(Dataset records)

────────────────

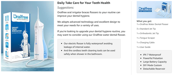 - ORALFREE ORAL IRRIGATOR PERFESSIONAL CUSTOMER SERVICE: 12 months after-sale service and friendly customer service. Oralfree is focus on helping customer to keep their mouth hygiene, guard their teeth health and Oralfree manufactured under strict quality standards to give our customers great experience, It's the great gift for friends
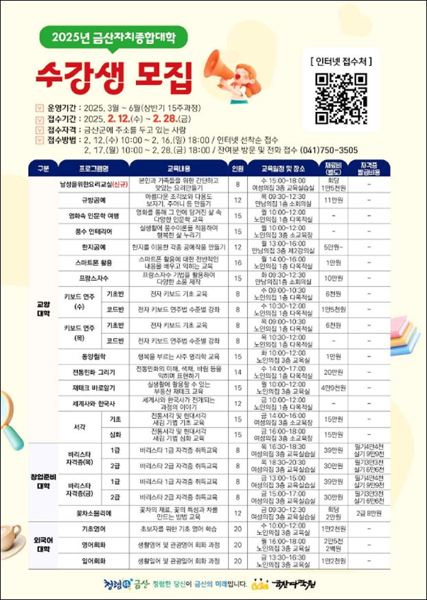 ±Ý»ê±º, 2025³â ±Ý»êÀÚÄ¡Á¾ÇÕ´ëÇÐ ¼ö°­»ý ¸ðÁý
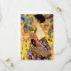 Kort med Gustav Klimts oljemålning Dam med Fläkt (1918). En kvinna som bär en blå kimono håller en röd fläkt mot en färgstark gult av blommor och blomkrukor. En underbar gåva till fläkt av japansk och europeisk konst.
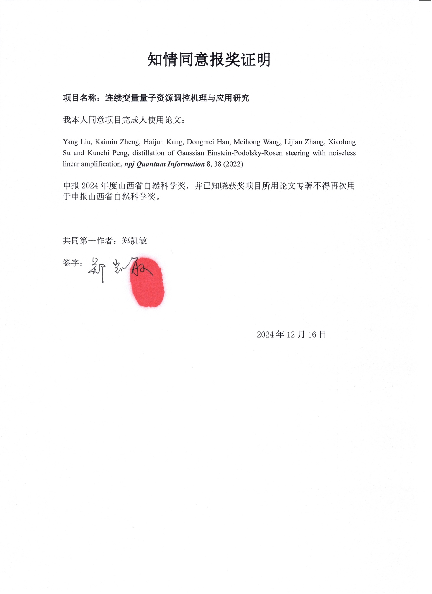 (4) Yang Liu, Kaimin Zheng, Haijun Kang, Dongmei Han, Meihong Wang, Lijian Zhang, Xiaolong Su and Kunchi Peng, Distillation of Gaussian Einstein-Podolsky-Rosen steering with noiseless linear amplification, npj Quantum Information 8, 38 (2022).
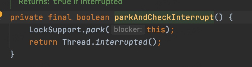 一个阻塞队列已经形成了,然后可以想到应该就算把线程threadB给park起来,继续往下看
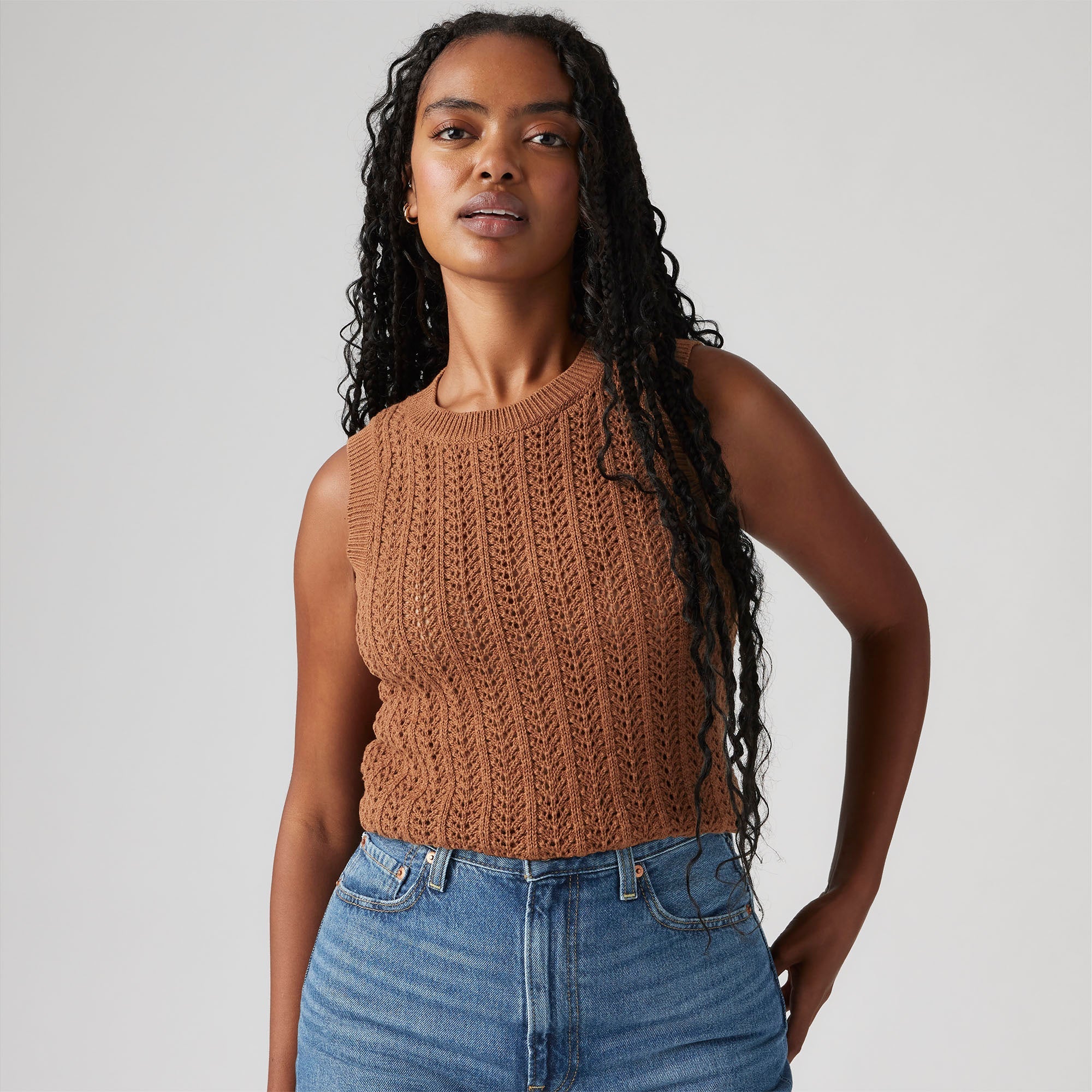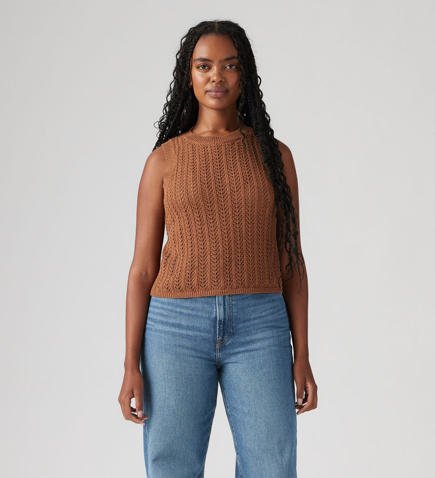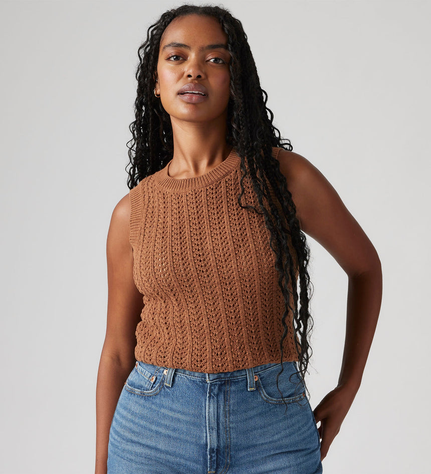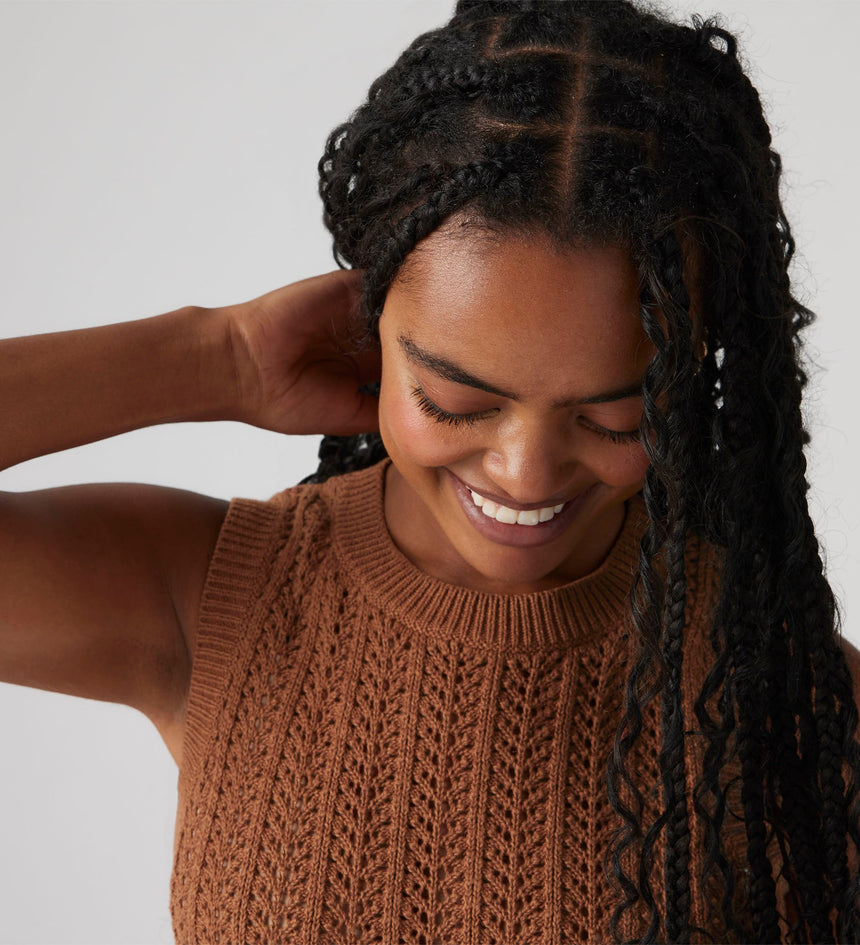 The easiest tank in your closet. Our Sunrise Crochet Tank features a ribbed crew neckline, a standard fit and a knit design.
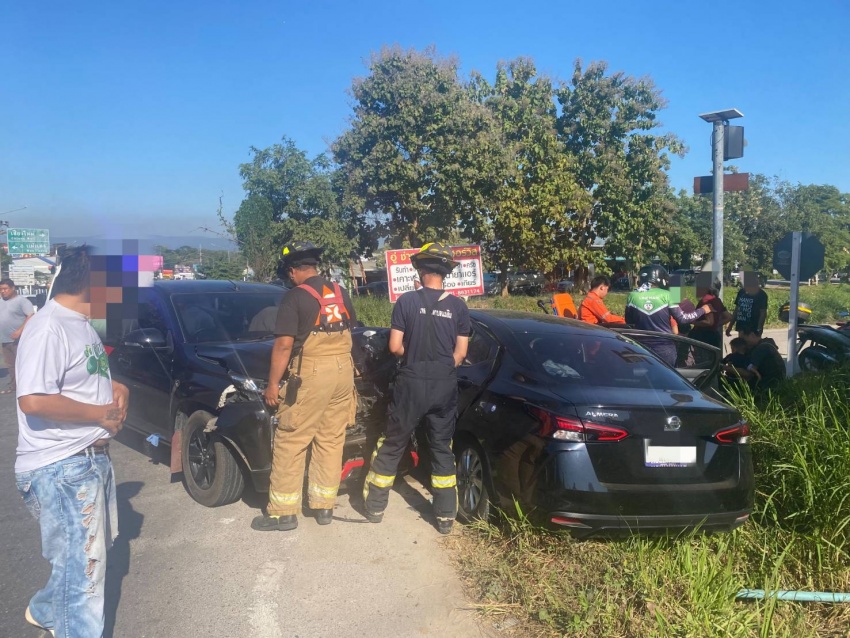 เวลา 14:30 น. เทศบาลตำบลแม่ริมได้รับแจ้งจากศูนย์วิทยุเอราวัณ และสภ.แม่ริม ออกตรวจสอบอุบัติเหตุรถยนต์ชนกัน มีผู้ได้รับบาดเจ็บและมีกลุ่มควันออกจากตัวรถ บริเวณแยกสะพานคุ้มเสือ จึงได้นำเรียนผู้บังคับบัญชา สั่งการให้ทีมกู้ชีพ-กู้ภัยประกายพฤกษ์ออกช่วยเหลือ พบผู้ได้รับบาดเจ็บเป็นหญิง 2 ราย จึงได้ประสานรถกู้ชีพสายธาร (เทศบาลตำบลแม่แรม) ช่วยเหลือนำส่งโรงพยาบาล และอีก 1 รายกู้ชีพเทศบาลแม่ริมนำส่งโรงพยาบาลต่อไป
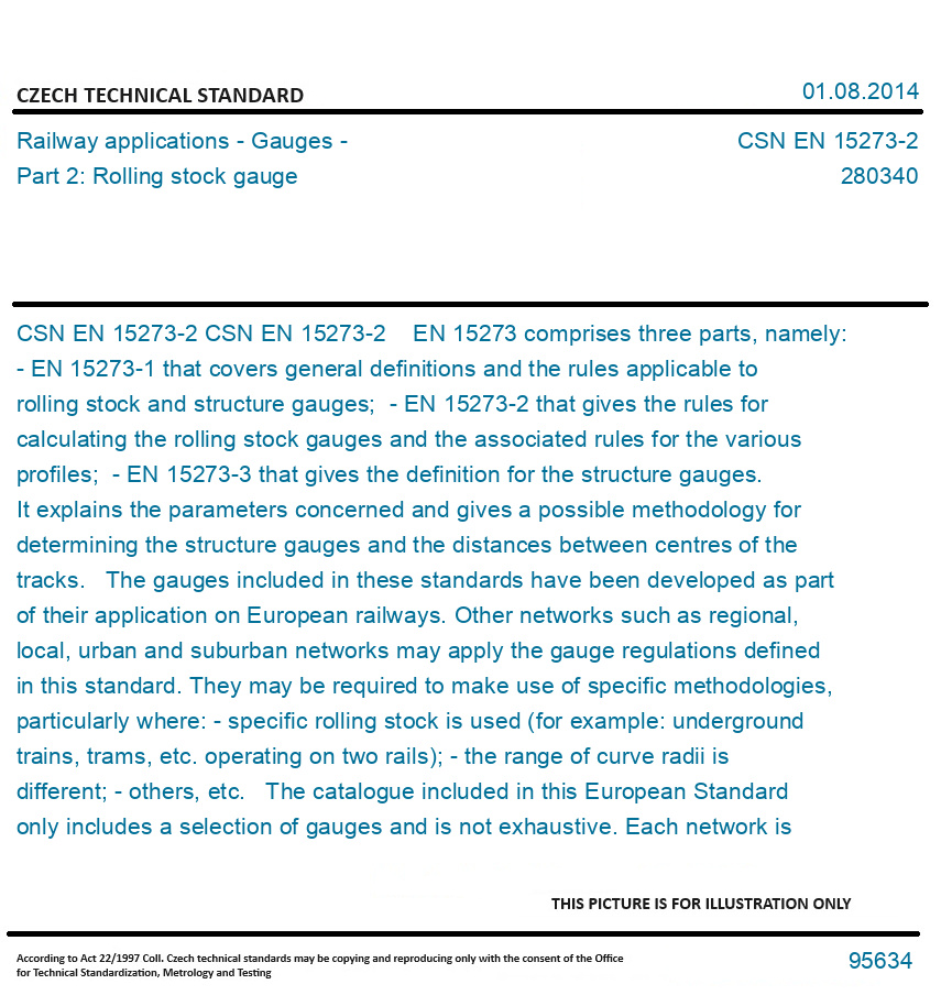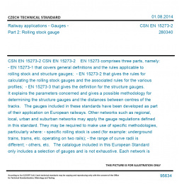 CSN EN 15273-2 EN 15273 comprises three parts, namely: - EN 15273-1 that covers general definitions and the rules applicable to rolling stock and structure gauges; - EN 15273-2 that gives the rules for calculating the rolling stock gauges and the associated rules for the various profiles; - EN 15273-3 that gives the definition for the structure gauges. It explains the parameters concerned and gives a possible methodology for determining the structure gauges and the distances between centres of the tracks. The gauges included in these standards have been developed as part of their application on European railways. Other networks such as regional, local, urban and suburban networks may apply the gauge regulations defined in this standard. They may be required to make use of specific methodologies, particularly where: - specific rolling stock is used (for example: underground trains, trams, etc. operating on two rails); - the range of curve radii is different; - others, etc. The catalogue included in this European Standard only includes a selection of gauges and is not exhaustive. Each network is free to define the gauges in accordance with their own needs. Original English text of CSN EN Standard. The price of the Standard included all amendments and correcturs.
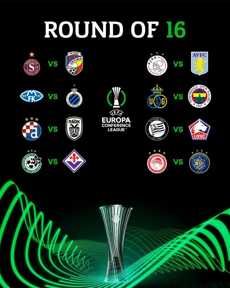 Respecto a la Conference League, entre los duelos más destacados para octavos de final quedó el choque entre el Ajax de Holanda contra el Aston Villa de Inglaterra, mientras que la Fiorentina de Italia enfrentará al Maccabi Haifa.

────────────────

[ACTIVITY] Beginning with the first entry above, reproduce every line verbatim until the line with "The easiest tank", which is included too; omit pictures.

[OUTPUT FOR THIS EXERCISE]
 - ORALFREE ORAL IRRIGATOR PERFESSIONAL CUSTOMER SERVICE: 12 months after-sale service and friendly customer service. Oralfree is focus on helping customer to keep their mouth hygiene, guard their teeth health and Oralfree manufactured under strict quality standards to give our customers great experience, It's the great gift for friends
 ±Ý»ê±º, 2025³â ±Ý»êÀÚÄ¡Á¾ÇÕ´ëÇÐ ¼ö°­»ý ¸ðÁý
 Kort med Gustav Klimts oljemålning Dam med Fläkt (1918). En kvinna som bär en blå kimono håller en röd fläkt mot en färgstark gult av blommor och blomkrukor. En underbar gåva till fläkt av japansk och europeisk konst.
 (4) Yang Liu, Kaimin Zheng, Haijun Kang, Dongmei Han, Meihong Wang, Lijian Zhang, Xiaolong Su and Kunchi Peng, Distillation of Gaussian Einstein-Podolsky-Rosen steering with noiseless linear amplification, npj Quantum Information 8, 38 (2022).
 一个阻塞队列已经形成了,然后可以想到应该就算把线程threadB给park起来,继续往下看
 The easiest tank in your closet. Our Sunrise Crochet Tank features a ribbed crew neckline, a standard fit and a knit design.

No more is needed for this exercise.